Mid-State Athletic Conference
- Association: NJCAA
- Founded: 1970
- Sports fielded: 9 men's: 4; women's: 5; ;
- Division: Region 3
- No. of teams: 8
- Region: New York

= Mid-State Athletic Conference =

The Mid-State Athletic Conference (MSAC) is a junior college conference located within Region III of the National Junior College Athletic Association (NJCAA). The MSAC has 8 member schools, all located in Upstate New York.
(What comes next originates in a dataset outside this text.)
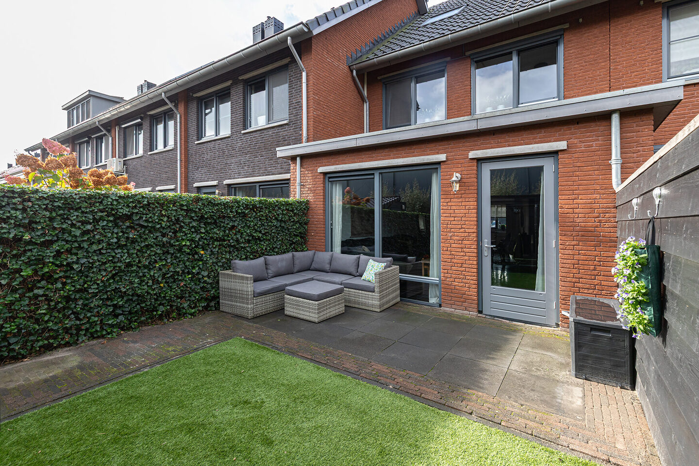 De tuin is met evenveel aandacht aangelegd als het interieur. De voortuin is onderhoudsvriendelijk en bestraat, terwijl de achtertuin een sfeervolle mix biedt van een royaal terras, kunstgazon en voldoende ruimte voor een trampoline of loungeset. De houten schutting zorgt voor privacy en achterin de tuin staat een houten berging met elektra.

Conference championships are held in most sports and individuals can be named to All- ncca

== Member schools ==
=== Current members ===
The Mid-State currently has seven full members, all are public schools:

| Institution | Location | Founded | Affiliation | Enrollment | Nickname | Joined |
|---|---|---|---|---|---|---|
| Broome Community College (SUNY Broome) | Dickinson | 1946 | Public | 5,386 | Hornets | 1987 |
| Cayuga Community College (SUNY Cayuga) | Auburn | 1953 | Public | 3,775 | Spartans | 1987 |
| Corning Community College (SUNY Corning) | Corning | 1957 | Public | 3,972 | Red Barons | 1990s |
| Finger Lakes Community College (SUNY Finger Lakes) | Canandaigua | 1965 | Public | 5,944 | Lakers | 1987 |
| Jefferson Community College (SUNY Jefferson) | Watertown | 1961 | Public | 2,658 | Cannoneers | 1987 |
| Onondaga Community College (SUNY Onondaga) | Syracuse | 1961 | Public | 9,834 | Lazers | 1987 |
| Tompkins Cortland Community College (SUNY Tompkins Cortland) | Dryden | 1968 | Public | 2,373 | Panthers | 1987 |

- Notes

=== Former members ===
The Mid-State had three former full members, all but one were public schools:

| Institution | Location | Founded | Affiliation | Enrollment | Nickname | Joined | Left | Current conference |
|---|---|---|---|---|---|---|---|---|
| Cazenovia College | Cazenovia | 1824 | Nonsectarian | 800 | Wildcats | 1987 |  | North Atlantic (NAC) |
| Columbia–Greene Community College (SUNY Columbia–Greene) | Hudson | 1966 | Public | 1,578 | Twins |  |  | Mountain Valley (MVCC) (NJCAA Region III) |
| State University of New York at Canton (SUNY Canton) | Canton | 1906 | Public | 3,216 | Kangaroos | 1990s |  | North Atlantic (NAC) |

- Notes

==History==
This conference began during the 1987–88 school year. Prior to this, a proposal was brought forward to the athletic directors of the original members (listed below) by Mr. Larry Hinkle, director of athletics at Tompkins Cortland CC. The concept was approved and each A.D. received approval from his/her college president. After collaboration with other conferences already formed within Region III, Mr. Hinkle drafted MSAC by-laws. After review and minor tweaking, the by-laws were approved and officers were elected. The result was that the Mid-State Athletic Basketball Conference was officially formed. As sports were added, it became the Mid-State Athletic Conference. The original members were:

- Broome Community College
- Cayuga Community College
- Cazenovia College
- Finger Lakes Community College
- Jefferson Community College
- Onondaga Community College
- Tompkins Cortland Community College

In the early 1990s, SUNY Canton was added as well as Corning Community College. Columbia-Greene Community College joined from the Mountain Valley Athletic Conference for the 2016-17 school year.